One might therefore expect to find the plateau itself uninhabited, and all the people settled at its edges. That is the course which would have been followed by Europeans like ourselves skilled in the rationale of colonization. As a matter of fact, not a human being lives below, but on the heights there are over 80,000 Makonde, nearly 5,000 Wangoni, thousands of Wayao and Wamakua, and a—to me—unknown number of Wamatambwe. In recent times, however, the tendency to come further and further down into the well-watered lowlands, has been gaining ground. This has been caused by the cessation of the Mafiti raids and the firm rule of the German Administration. This tendency, however, only affects the more progressive elements, the Yaos and Makuas, not the Makonde. The latter follow the practice which has been usual with them from time immemorial. So soon as the most necessary work has been done in house and garden, father and son, or mother and daughter take on their shoulders a pole, some yard and a half or two yards long, to each end of which is fastened a large gourd, or perhaps two. They hurry along at a rapid walk to the edge of the plateau, from which their hamlet is inconveniently distant, scramble down a steep declivity by a difficult path, remain for a while in the marshy bottom and return with their load up the almost vertical ascent of several hundred yards. At last, having accomplished the toilsome climb, they draw a deep breath, and walk, or rather trot, back to their village. The Makonde are said to devote the greater part of their lives to tillage—which I find true as far as I have gone, though I have not reached their main centre of distribution—but beyond all doubt the second largest share of their time is absorbed by these long excursions—so foolish a waste of time according to our ideas—in search of water. If half the family has to spend two hours, or even more, daily in bringing in, at the cost of severe labour, just enough water to cook their pittance of ugali and allow every one a muddy draught all round, it is surely an economic absurdity.

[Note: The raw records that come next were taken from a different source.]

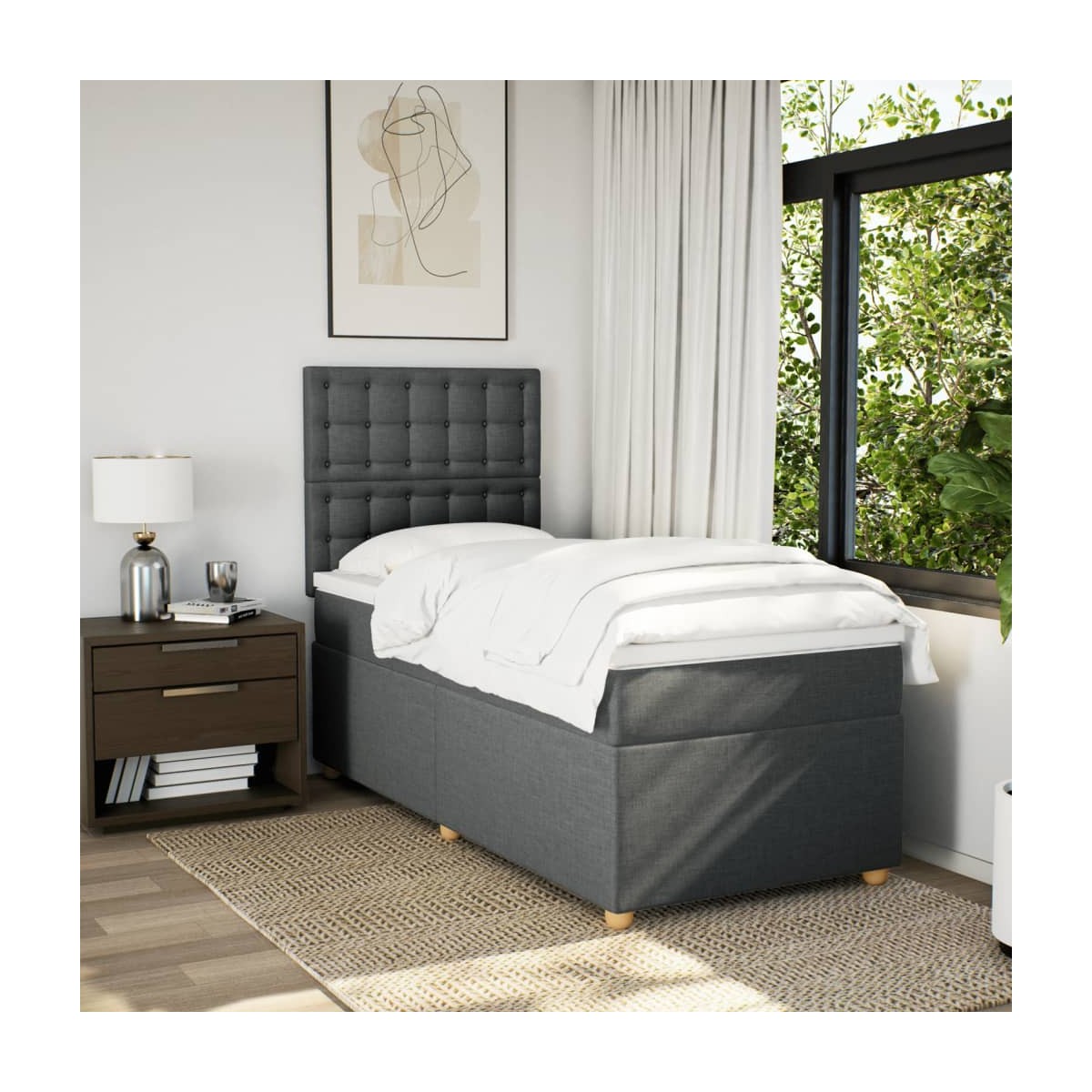 Utiliza esta cama de muelles para disfrutar de un sueño reparador. Te ofrece la máxima relajación y un sueño placentero. Material suave y duradero: El tejido de poliéster combina suavidad, transpirabilidad y durabilidad, lo que garantiza que experimentes la máxima comodidad.Colchón de muelles ensacados: Este colchón de muelles ensacados cuenta con muelles ensacados individuales que funcionan de forma independiente para proporcionar un apoyo personalizado reaccionando únicamente a la presión de cada zona. Este diseño evita que se enrolle y reduce la transferencia de movimiento en comparación con los colchones tradicionales de bobina abierta. Cada muelle ensacado sostiene el cuerpo individualmente.Cabecero regulable en altura: El cabecero es ajustable en altura para adaptarse a tus preferencias.Cubrecolchón cómodo: Este cubrecolchón mejora el soporte y la comodidad con su superficie suave y transpirable al tiempo que prolonga la vida útil de su colchón. Su funda extraíble permite un fácil lavado, lo que facilita el mantenimiento.Listones para un soporte óptimo: El somier se completa con listones para ofrecer un soporte esencial y transpirabilidad a tu colchón. Información útil:Por razones de higiene, el colchón no puede devolverse si se ha quitado o abierto el embalaje.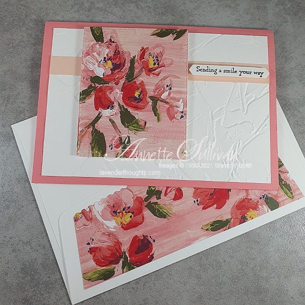 For the latest Sketch Challenge at splitcoaststampers.com I have used the beautiful Fine Art Floral DSP on a background of the Painted Texture 3D Embossing Folder.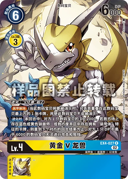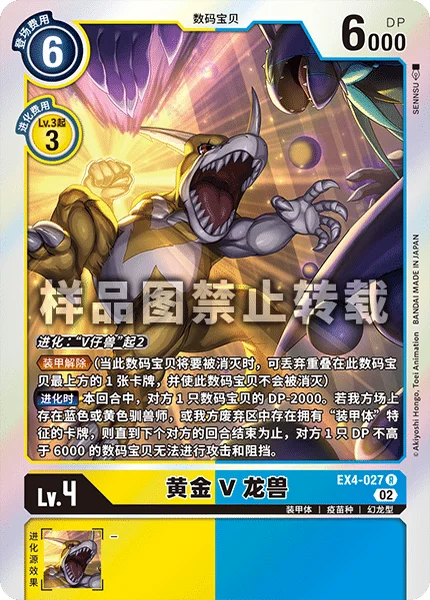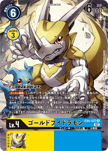 When Digivolving 1 of your opponent's Digimon gets -2000 DP for the turn. If you have a blue or yellow Tamer in play, or if you have a card with the [Armor Form] trait in your trash, 1 of your opponent's Digimon with 6000 DP or less can't attack or block until the end of your opponent's turn.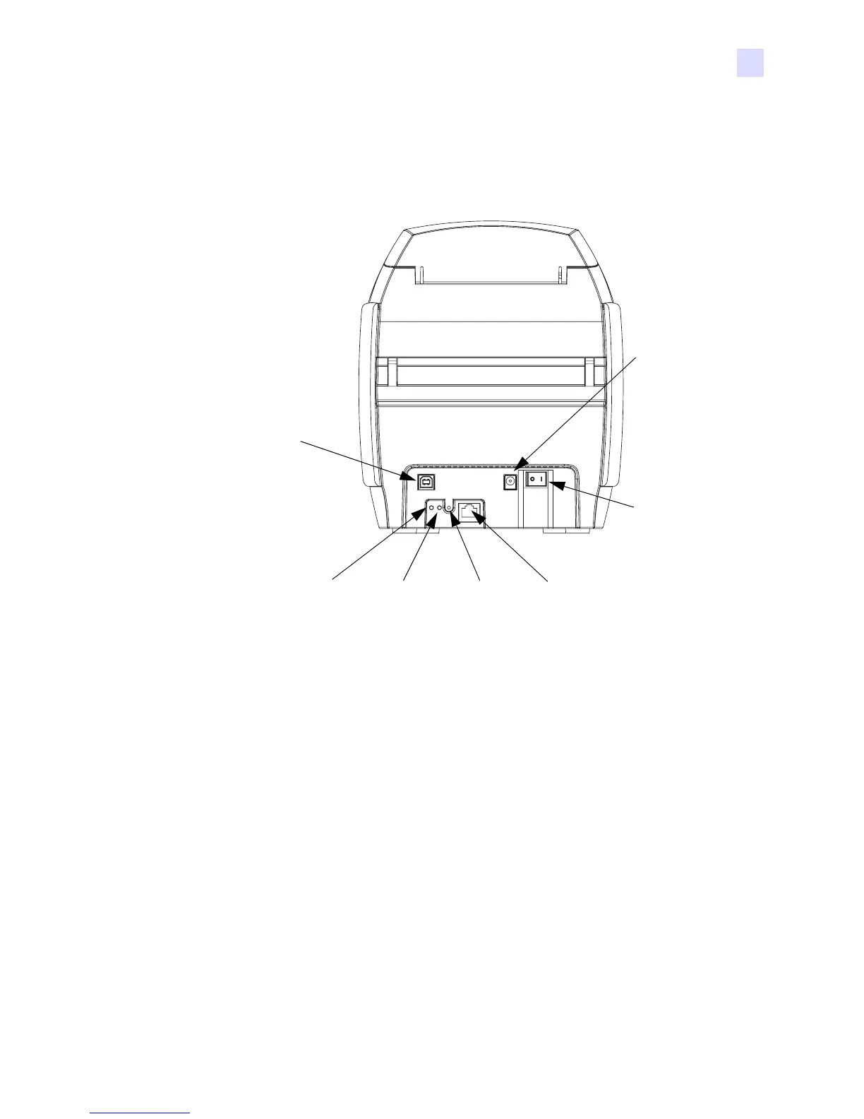 If your Printer includes the Ethernet option, the rear of the printer will look like the figure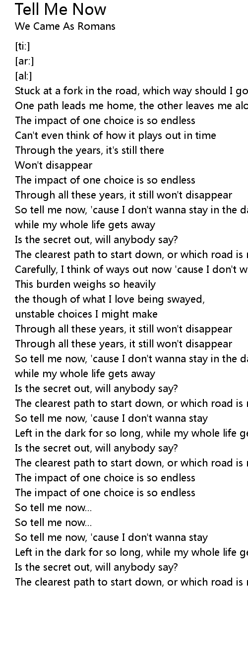 So tell me now, 'cause I don't wanna stay in the dark for so long while my whole life gets away |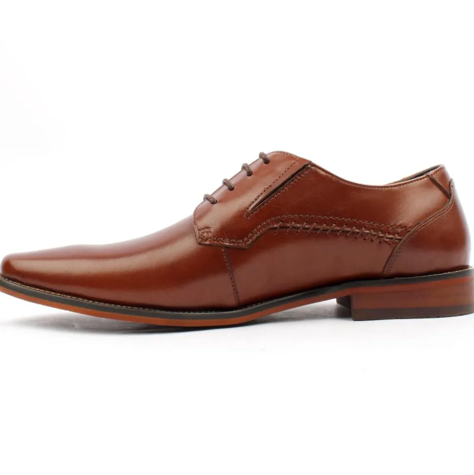 Dressy Mens shoe from Escape. Thess Mens shoes have a tan leather upper with a fine stitch detailing. This shoe has a lace closure with an elasticated gusset which allows for easy on/off. A padded memory foam insole adds to the comfort of this style.
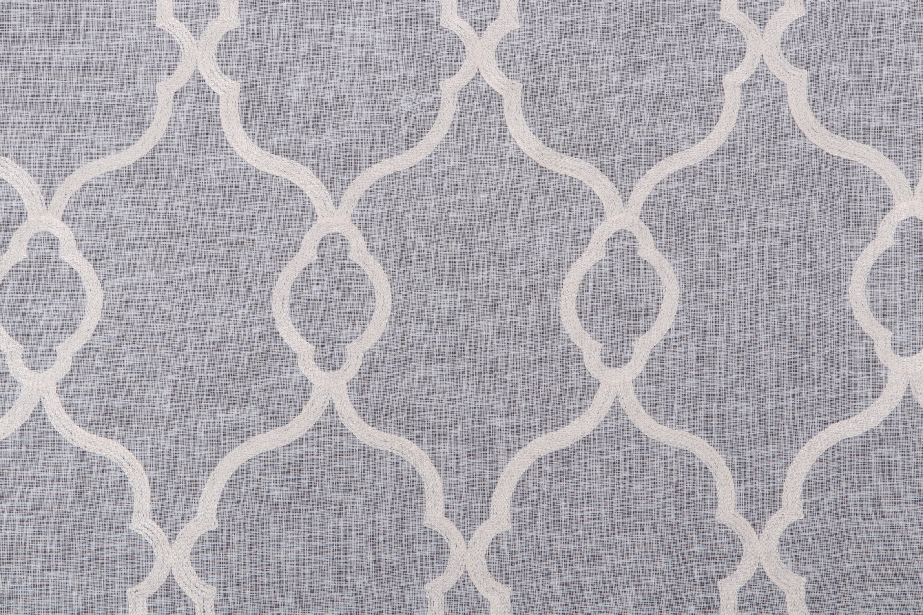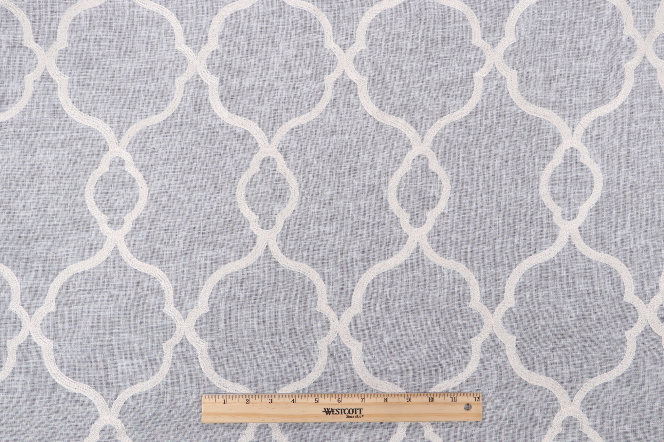 This listing features 7.38 yards of Angela sheer embroidered drapery fabric, perfect for various applications. This premium textile brings sophistication and quality to your high-end design projects. Perfectly balanced with hues of dark gray, silver, light slate gray, gray, and gainsboro, this fabric will surely enhance your application. With this amount, you can create 2 medium-length drapery panels (50 inches wide and 84 inches long) for standard 7-foot windows. Note: If you are unsure about the suitability of this fabric for your specific use case please contact us prior to ordering.

DANCE ON STILTS AT THE GIRLS’ UNYAGO, NIUCHI
Newala, too, suffers from the distance of its water-supply—at least the Newala of to-day does; there was once another Newala in a lovely valley at the foot of the plateau. I visited it and found scarcely a trace of houses, only a Christian cemetery, with the graves of several missionaries and their converts, remaining as a monument of its former glories. But the surroundings are wonderfully beautiful. A thick grove of splendid mango-trees closes in the weather-worn crosses and headstones; behind them, combining the useful and the agreeable, is a whole plantation of lemon-trees covered with ripe fruit; not the small African kind, but a much larger and also juicier imported variety, which drops into the hands of the passing traveller, without calling for any exertion on his part. Old Newala is now under the jurisdiction of the native pastor, Daudi, at Chingulungulu, who, as I am on very friendly terms with him, allows me, as a matter of course, the use of this lemon-grove during my stay at Newala.